Additional packages for data visualization support must be installed to plot charts in Jupyter Notebook.

Choose the suitable code to plot the information regarding previously launched or ongoing trainings and refer to the examples for implementation details.

  1. Add a training parameter
  2. Read data from the specified directory only using MetricVisualizer
  3. Gather and read data from all subdirectories of the specified directory using MetricVisualizer

Add a training parameter

It is possible to plot a chart while training by setting the plot parameter to “True”. This approach is applicable for the following methods:

Add a training a model using

from catboost import CatBoostClassifier, Pool

train_data = [[1, 3], [0, 4], [1, 7], [0, 3]]
train_labels = [1, 0, 1, 1]

model = CatBoostClassifier(learning_rate=0.03)

model.fit(train_data,
          train_labels,
          verbose=False,
          plot=True)

Read data from the specified directory only using MetricVisualizer

import catboost

w = catboost.MetricVisualizer('/path/to/trains/1')
w.start()

Refer to the MetricVisualizer section for details.

Gather data from the specified directory only

  1. Train a model from the root of the file system (/):
    from catboost import CatBoostClassifier
    
    cat_features = [0,1,2]
    
    train_data = [["a", "b", 1, 4, 5, 6],
                  ["a", "b", 4, 5, 6, 7],
                  ["c", "d", 30, 40, 50, 60]]
    
    train_labels = [1,1,0]
    
    model = CatBoostClassifier(iterations=20, 
                               loss_function = "CrossEntropy", 
                               train_dir = "crossentropy")
    
    model.fit(train_data, train_labels, cat_features)
    predictions = model.predict(train_data)
  2. Plot a chart using the information regarding the previous training (from the crossentropy directory):
    import catboost
    
    w = catboost.MetricVisualizer('/crossentropy/')
    w.start()

    The following is a chart plotted with Jupyter Notebook for the given example.

Gather and read data from all subdirectories of the specified directory using MetricVisualizer

import catboost

w = catboost.MetricVisualizer('/path/to/trains', subdirs=True)
w.start()

Any data located directly in the /path/to/trains folder is ignored. The information is read from its' subdirectories only.

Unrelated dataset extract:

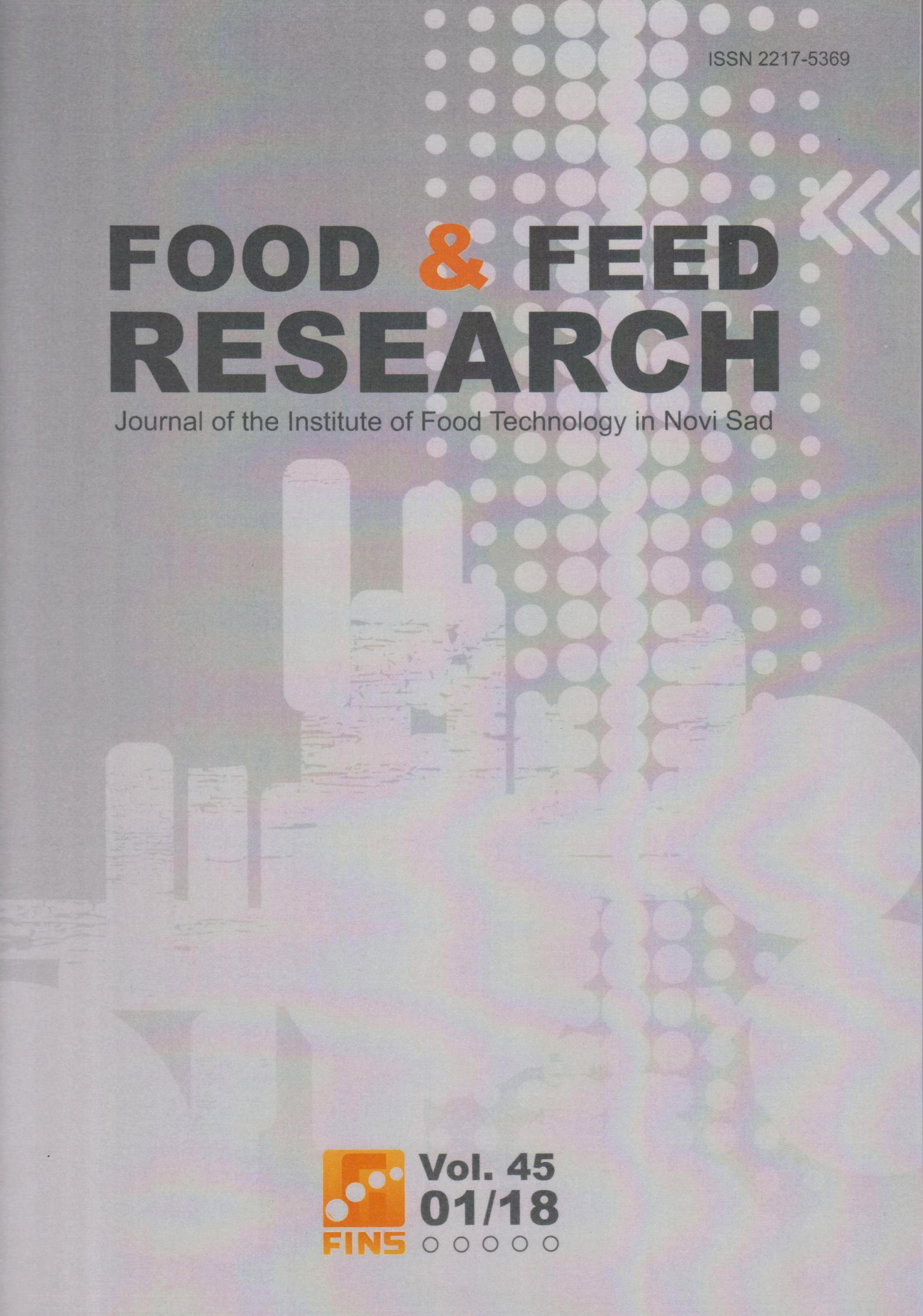 Cover of Serbian scientific journal Food and Feed Research, Novi Sad, Serbia

Refer to the MetricVisualizer section for details.

Gather and read data from all subdirectories

  1. Train two models from the root of the file system (/):
    1. from catboost import CatBoostClassifier
      
      cat_features = [0,1,2]
      
      train_data = [["a", "b", 1, 4, 5, 6],
                    ["a", "b", 4, 5, 6, 7],
                    ["c", "d", 30, 40, 50, 60]]
      
      train_labels = [1,1,0]
      
      model = CatBoostClassifier(iterations=20, 
                                 loss_function = "CrossEntropy", 
                                 train_dir = "crossentropy")
      
      model.fit(train_data, train_labels, cat_features)
      predictions = model.predict(train_data)
    2. from catboost import CatBoostClassifier
      
      cat_features = [0,1,2]
      
      train_data = [["a", "b", 1, 4, 5, 6],
                    ["a", "b", 4, 5, 6, 7],
                    ["c", "d", 30, 40, 50, 60]]
      
      train_labels = [1,1,0]
      
      model = CatBoostClassifier(iterations=20, 
                                 train_dir = "logloss")
      
      model.fit(train_data, train_labels, cat_features)
      predictions = model.predict(train_data)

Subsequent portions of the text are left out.